Kubernetes' main job is to take care of these containers. Think of it as the manager of your program, making sure all the pieces work well together. This whole process is called orchestration. But remember, Kubernetes isn't a traditional platform for running software. It's more like the conductor of an orchestra, making sure all the instruments (containers) play together harmoniously.
What Does Kubernetes Offer?
Kubernetes is capable of creating highly resilient distributed systems. It can also make the system bigger or smaller as needed. It has lots of tools to help make sure the system is reliable and stays up and running. Here are some of the things it can do.
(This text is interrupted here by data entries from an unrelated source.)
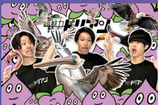
超能力戦士ドリアン
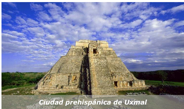
Ciudad prehispánica de Uxmal

Aunque los elevadores de obras de construcción están excluidos del ámbito de aplicación de la norma, ésta puede ser de utilidad para su diseño y fabricación.
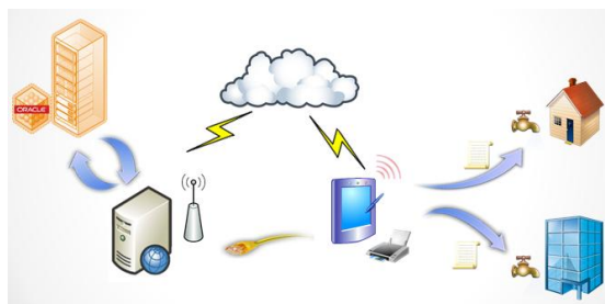
Gambar 1. Grandmap spot bill reading system .

Sistem tersebut berupa aplikasi berbasis website yang menyimpan data pelanggan, history pelanggan, pencatatan kubikasi meter, tagihan dan data keperluan operasional lainnya. Web Service digunakan untuk mengkaitkan berbagai aplikasi melalui Internet [7].
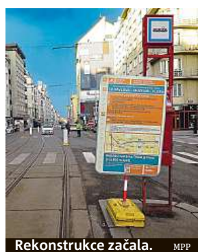
Rekonstrukce začala. MPP

„Nejsem příliš spokojen s tím, že proběhne v některých částech jen v dočasném řešení a některé povrchy a zastávky budou dostavěny až rok poté. Bohužel jsme v tomto rozběhlém projektu již nemohli dostatečně zaurgovat koordinaci prací, kterou se neudálo mým předchůdcům podchytit. Stav tramvajové trati už neumožňuje výluky od-
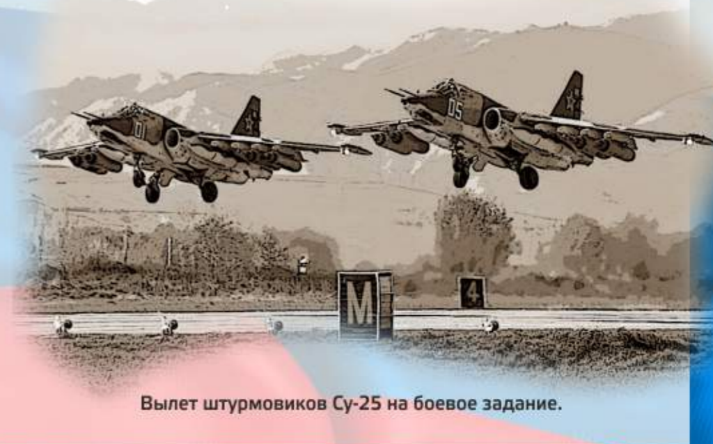
Вылет штурмовиков Су-25 на боевое задание.

Полковник запаса. Заслуженный военный штурман Российской Федерации. Награжден орденами Мужества, «За военные заслуги», медалью «За боевые заслуги», ведомственными и памятным наградами.
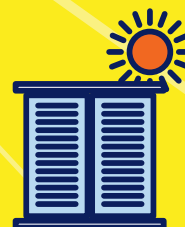
Fermez les volets et fenêtres le jour, aérez la nuit
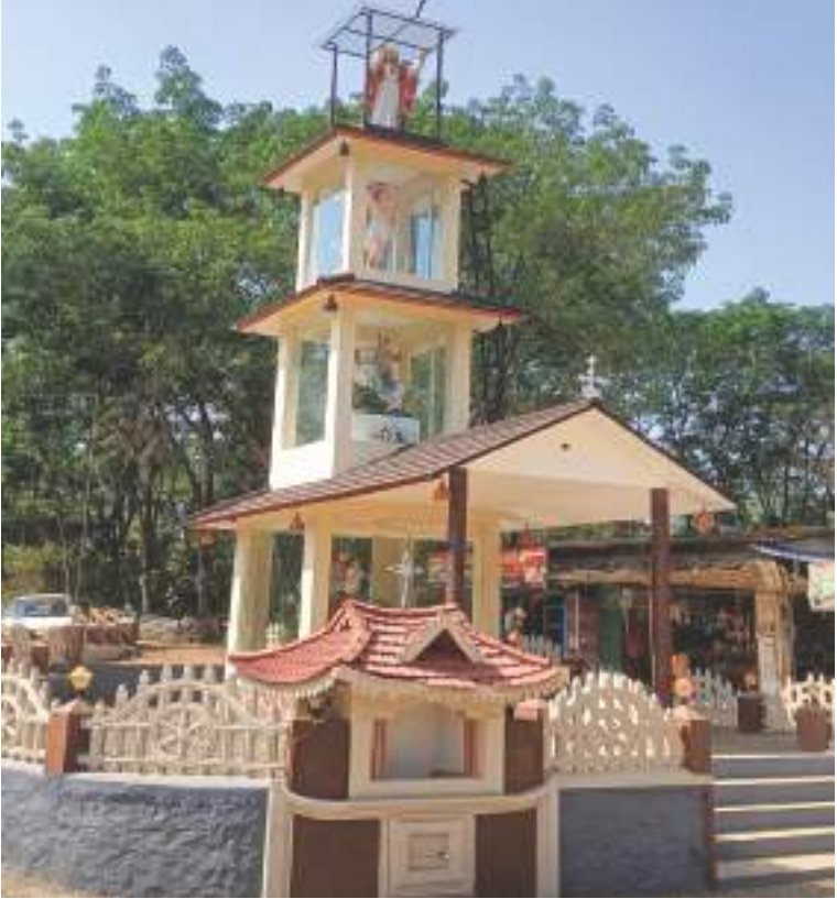
ആനക്കുളത്ത് പുതുതായി നിർമ്മിച്ച കുരിശി
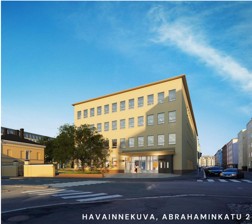
HAVAINNEKUVA, ABRAHAMINKATU 2
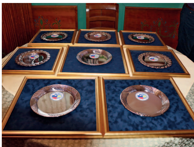
Priznanja za športnike in njihove trenerje

Anja se je odpravila na snežni trening v Italijo, v njenem imenu pa je veliko plaketo SZGS prevzela njena mati Sonja Drev, ki ves čas bdi nad hčerino tekmovalno kariero.
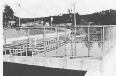
第4分団区域防火水槽
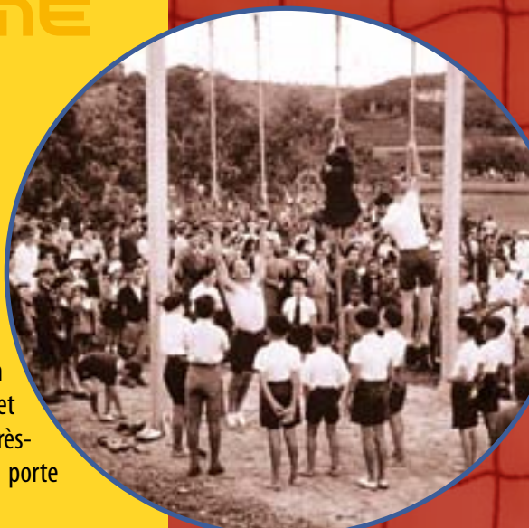
Inauguration du PLGC en 1938

Pendant les travaux, 150 tonnes de sable et 100 tonnes de caoutchouc ont été utilisées pour maintenir les fibres synthétiques du gazon.
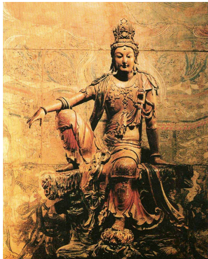
Kuan Yin o GuanYin, la diosa bodhisattva de la compasión

Salir al mundo desde estos registros tiene un significado nuevo que retroalimenta y consolida lo experimentado.
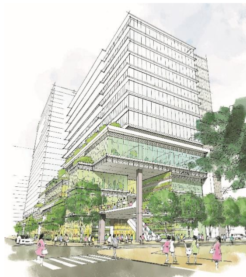
【1階中野駅前広場側商業イメージ】

駅から連なるペDESTリアンデッキを敷地内に延長し、デッキレベルの歩行者ネットワークを創出します。

Service Discovery: Kubernetes can serve containers using domain names or public IP Addresses.
Load Balancing: In case traffic to the website is high, Kubernetes can distribute traffic among containers. This makes sure that the application is stable.
Automatic Rollout and Rollback: Kubernetes controls the state of the distributed system. A user defines the desired state of the system and Kubernetes matches the actual state with the desired state in a controlled manner.
Self Healing: Kubernetes destroys, deploys, and manages pods based on requirement. If a pod is not working as expected, Kubernetes automatically replaces it with a new pod.
Secret and Configuration Management: Secrets and configurations can be updated without rebuilding the containers or exposing the password or SSH keys in the configuration stack.
Horizontal Scaling: Kubernetes is extremely scalable. New nodes can be added or removed based on commands or usage.
Kubernetes Architecture
Kubernetes creates a Kubernetes Cluster. A cluster is a group of machines that work together like a single system. A Kubernetes cluster consists of a Control Plane and Nodes. The Control Plane is responsible for managing the nodes in the cluster. In a production environment, it is advisable to use at least three Control Plane nodes.
Nodes are the machines where Kubernetes creates Pods. Pods are the building blocks of the application workload. Each Pod can contain one or more containers. It's generally recommended to use only one container in a Pod. A Kubernetes Cluster incorporates multiple nodes to ensure high availability and fault tolerance.
Control Plane Components:
Components of the Control Plane make the decisions in a Kubernetes Cluster. These components are as follows.
kube-apiserver: Kube API Server exposes the Kubernetes API. It is a gateway to the Kubernetes cluster. A user or system communicates with Kubernetes using the API Server. For example, the kubectl command forwards requests to the API Server.
etcd: etcd is a highly-available distributed key-value store. It is considered the single point of truth in the Kubernetes cluster at any given time. It is capable of machine failure and fault tolerance.
kube-scheduler: Scheduler looks for newly created POD with no node assigned. Then it selects a suitable node for the POD to run on. When kubectl runs a pod creation command, api server receives the request and updates the state in etcd by adding a key-value pair. Now, the Kubernetes cluster wants to match the actual state with the desired state. The scheduler gets informed about this new POD and selects a suitable node to deploy the POD. Once deployed, the desired and actual state of the Kubernetes cluster becomes the same.
kube-controller-manager: It is not a single component, it is actually a combination of node controller, job controller, EndPointSlice controller, ServiceAccount controller, and many more. All controllers are combined into a single binary and run together to reduce complexity.
Node Components:
Every node in the Kubernetes cluster runs these components. These components make sure the Kubernetes runtime environment is running and PODs are working as expected.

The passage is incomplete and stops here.